**TASK GOAL**
Pictures are to be left out. Return exactly the lines below from the one with "Необычные состязания прошли" up to and including the one with "Sarnico 60 RiAl pics 141905".

Records contained in a dataset:
= = = = =

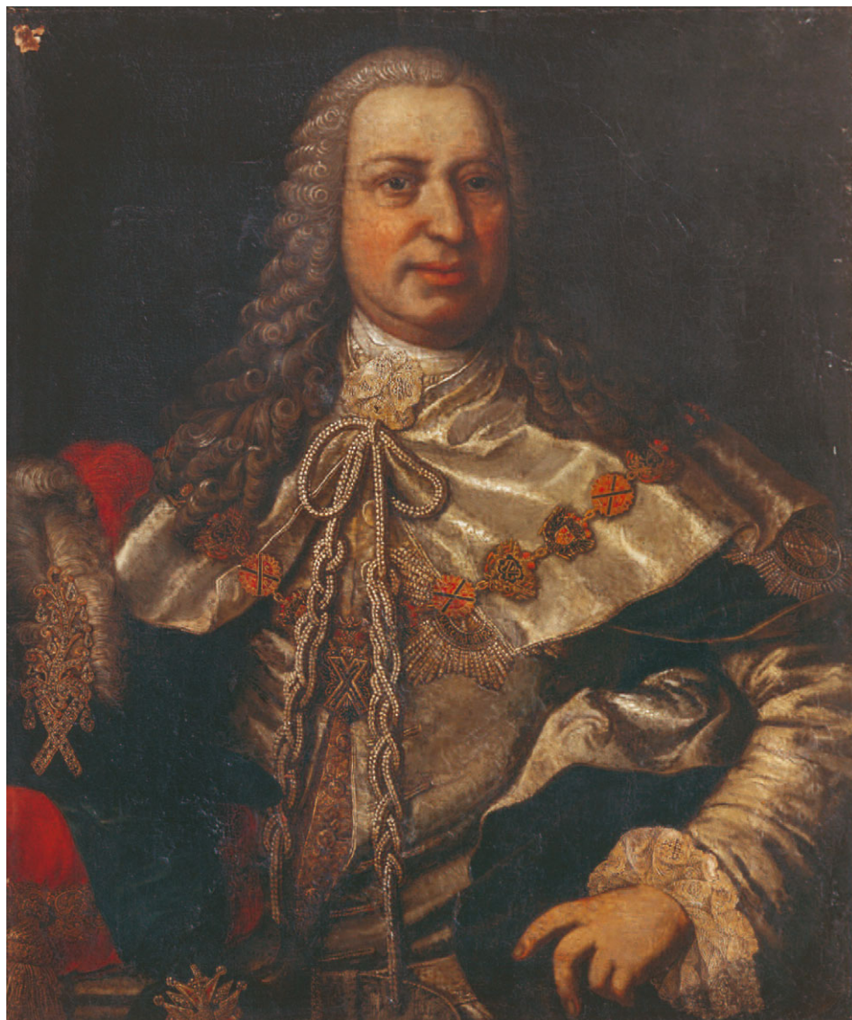
3. М.-К.-Э. ХАГЕЛЬГАНС Портрет графа Г.К. Кейзерлинга. 1758 Холст, масло. 90 x 70
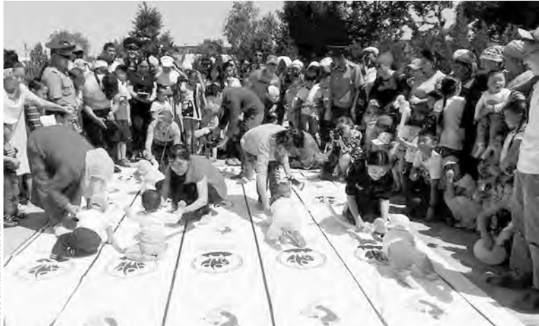
Необычные состязания прошли в честь Дня защиты детей в городе Оше. Комитет мэрии по делам молодежи провел «чемпионат ползающих малышей». В соревнованиях участвовали около сотни «спортсменов» в возрасте до года. Победители получили ценные подарки, а дети постарше — мороженое.
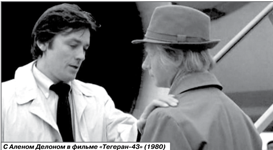
С Аленом Делоном в фильме «Тегеран-43» (1980)
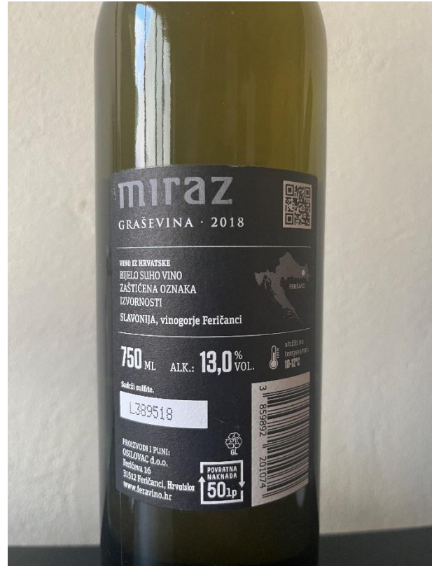
Slika 2. Vino sa ZOI Feravino Graševina
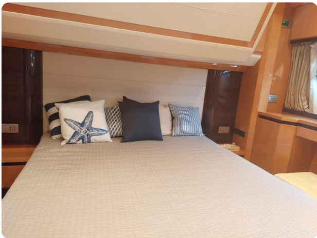
Sarnico 60 RiAl pics 141905
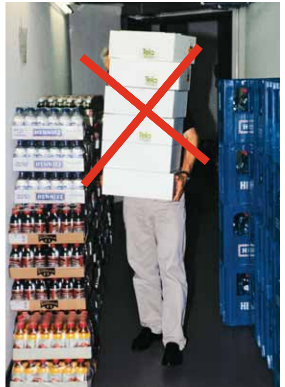
Figura 12 Spesso i pacchi vengono accatastati uno sopra l'altro, bloccando in questo modo la visuale. Attenzione, poiché camminare alla cieca su e giù per le scale può diventare molto pericoloso. Quindi, fate in modo di avere sempre la visuale libera!
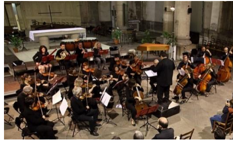
Orchestre Antea Classica
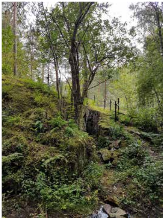
Utsprengt tilførselsgrøft til Skytestillingen.

Det er ikke spor etter noen form for innkvartering av vaktmannskaper ved minnet. Det sies at det har stått en liten vakthytte noen 10-metere ovenfor, men den har ikke vært stor nok for et helt vaktmannskap. Imidlertid – tyskerne tok som kjent kontroll over bebyggelsen på Gjersjøen sommercamp en kilometer lenger øst, i nærheten av sletta for Ingierkollen slalåmbakke. Dette området hadde tidligere vært innmark for gården Vassbonn. Her kunne mannskapene hvile mellom øktene.
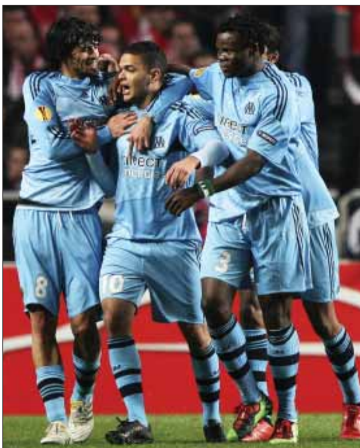
Jogadores do Marseille festejam o golo

"Mesmo tendo empatado no momento em que estávamos um pouco menos bem, não merecíamos perder", afirmou Didier Deschamps, em referência ao golo da igualdade apontado por Ben Arfa, ao minuto 90, depois de Maxi Pereira ter inaugurado o marcador no
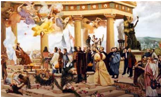
Slika 2. Vlaho Bukovac, Hrvatski narodni preporod

U obradi Ilirizma kao motivacija može poslužiti slika pod rednim brojem 2 Vlahe Bukovca Hrvatski narodni preporod koja je simbol spomenutog razdoblja.

= = = = =

**EXPECTED ANSWER**
Необычные состязания прошли в честь Дня защиты детей в городе Оше. Комитет мэрии по делам молодежи провел «чемпионат ползающих малышей». В соревнованиях участвовали около сотни «спортсменов» в возрасте до года. Победители получили ценные подарки, а дети постарше — мороженое.
С Аленом Делоном в фильме «Тегеран-43» (1980)
Slika 2. Vino sa ZOI Feravino Graševina
Sarnico 60 RiAl pics 141905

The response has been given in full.